Novel costimulators in the immune gene therapy of cancer.
Galea-Lauri J., Farzaneh F., Gäken J.
One of the major goals of cancer immunotherapy is the induction of tumour-specific T-lymphocyte responses that will be effective in the rejection of established tumours. The prospects for such therapy rely on the identification of tumour antigens, and although there is persuasive evidence for the presence of such antigens,1,2 the occurrence of the disease does illustrate that the immune system is at least, on some occasions, unable to recognise and destroy these targets.
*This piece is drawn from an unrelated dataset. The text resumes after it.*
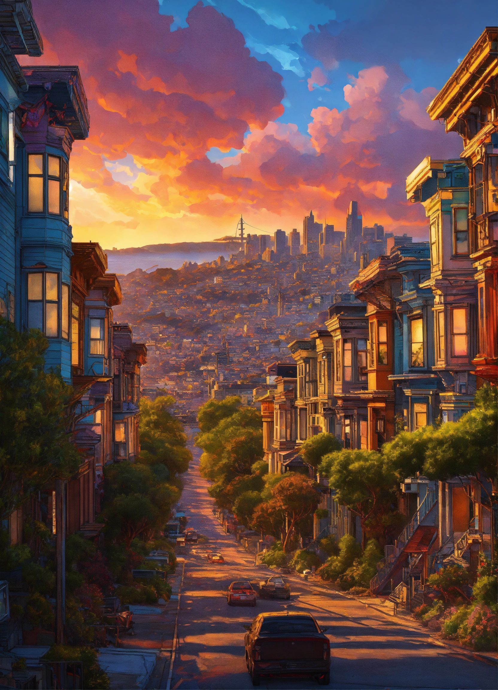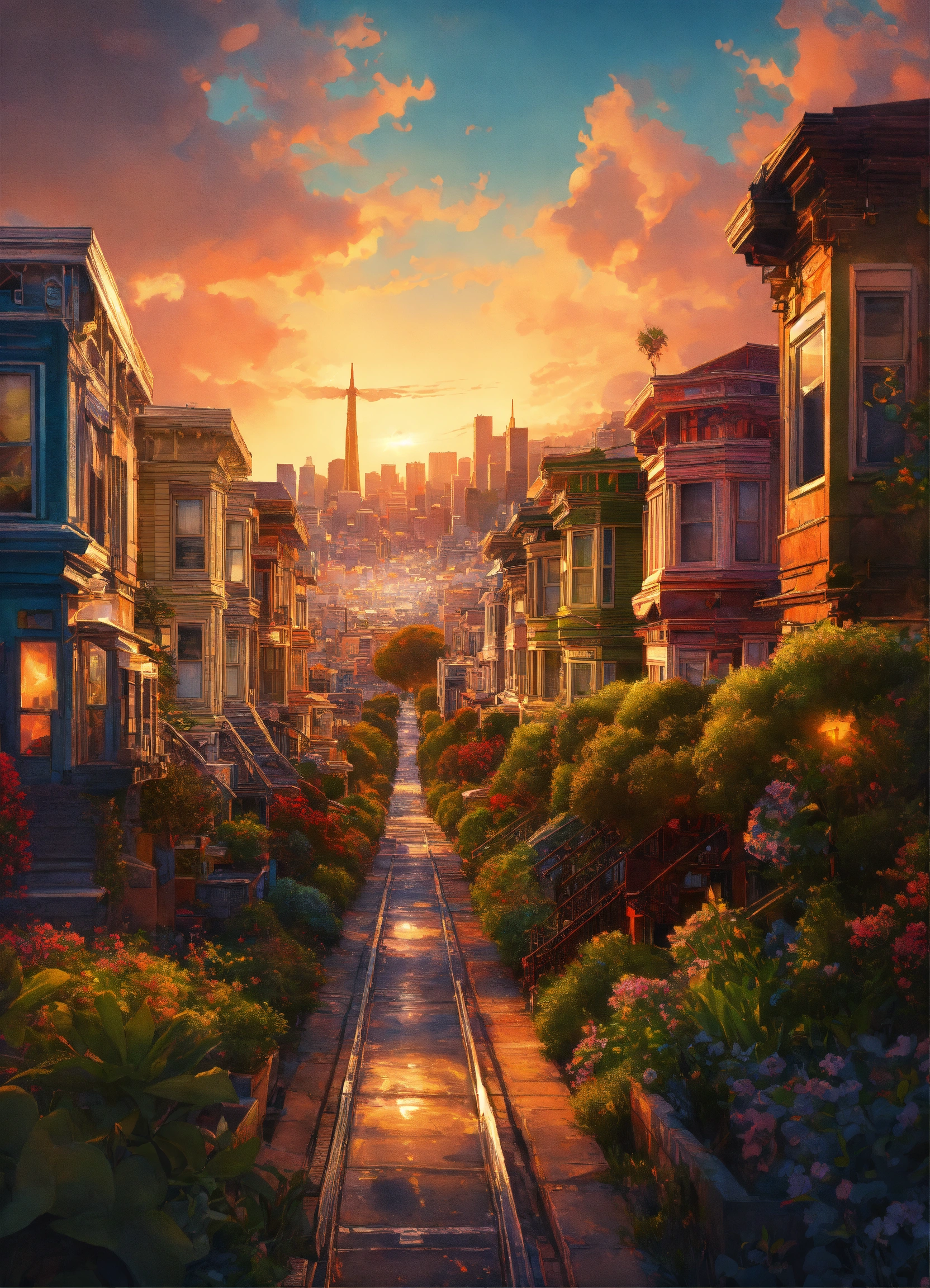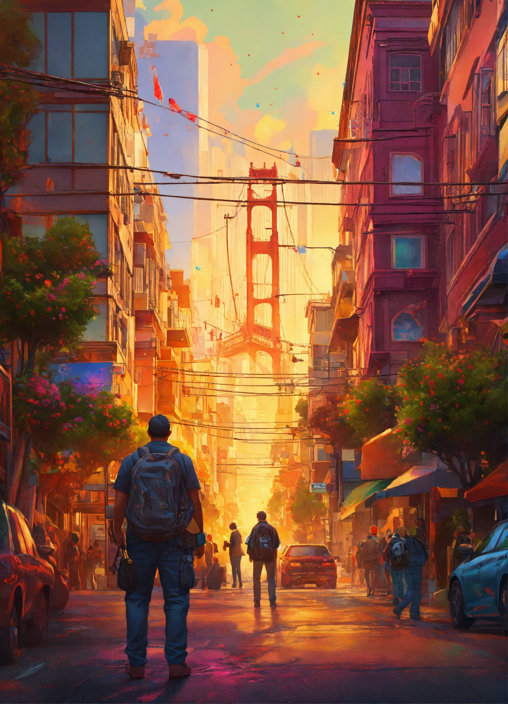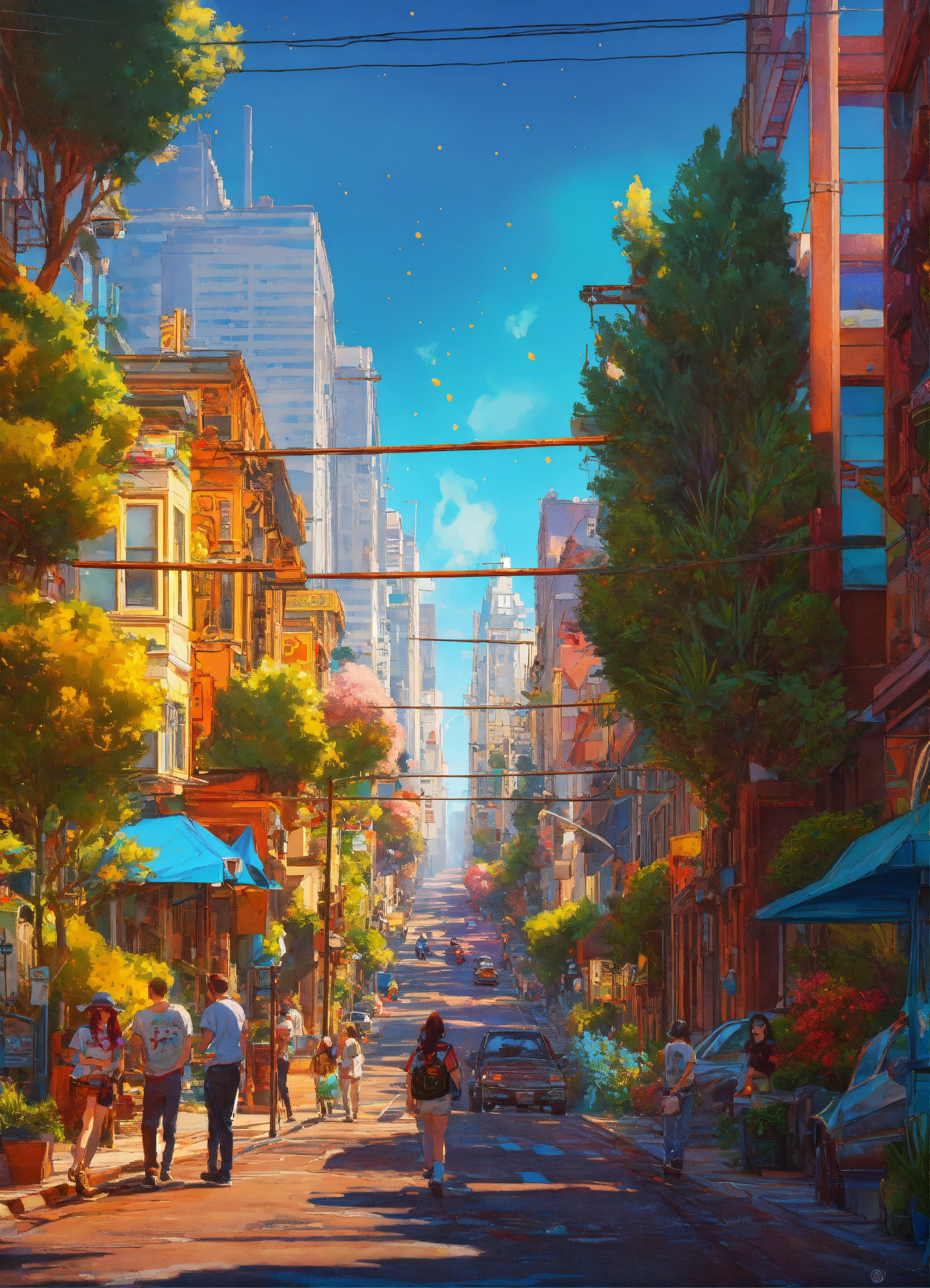 ((san francisco neighborhood full of people playing, lots of plants)), hyperdetailed, tee-shirt design, line art, ultra detailed artistic, colour splash art, fire and ice, splatter, black ink, liquid melting, dreamy, glowing, glimmer, shadows, oil on canvas, brush strokes, smooth, ultra high definition, 8k, unreal engine 5, ultra sharp focus, intricate artwork masterpiece, ominous, golden ratio, highly detailed, vibrant, production cinematic render

Tumour antigens may be novel proteins (from genetic lesions or viral infections), modified existing antigens (eg, abnormally glycosylated cell surface proteins), or inappropriately expressed normal gene products (eg, CA125, carcinoembryonic antigen, and alpha-fetoprotein).1 Involvement of the immune system in the normal surveillance and suppression of cancer is further suggested by the increased incidence of tumours in immunocompromised patients.3 However, recent evidence has shown that, at least in model systems, cancer cells can be modulated in such a way that they stimulate cells of the immune system to recognise and destroy these malignant cells. This review summarizes the costimulatory molecules involved in the activation of such cells, the principles and mechanisms underlying their activation, and how such knowledge can be used to persuade the immune system to challenge cancer.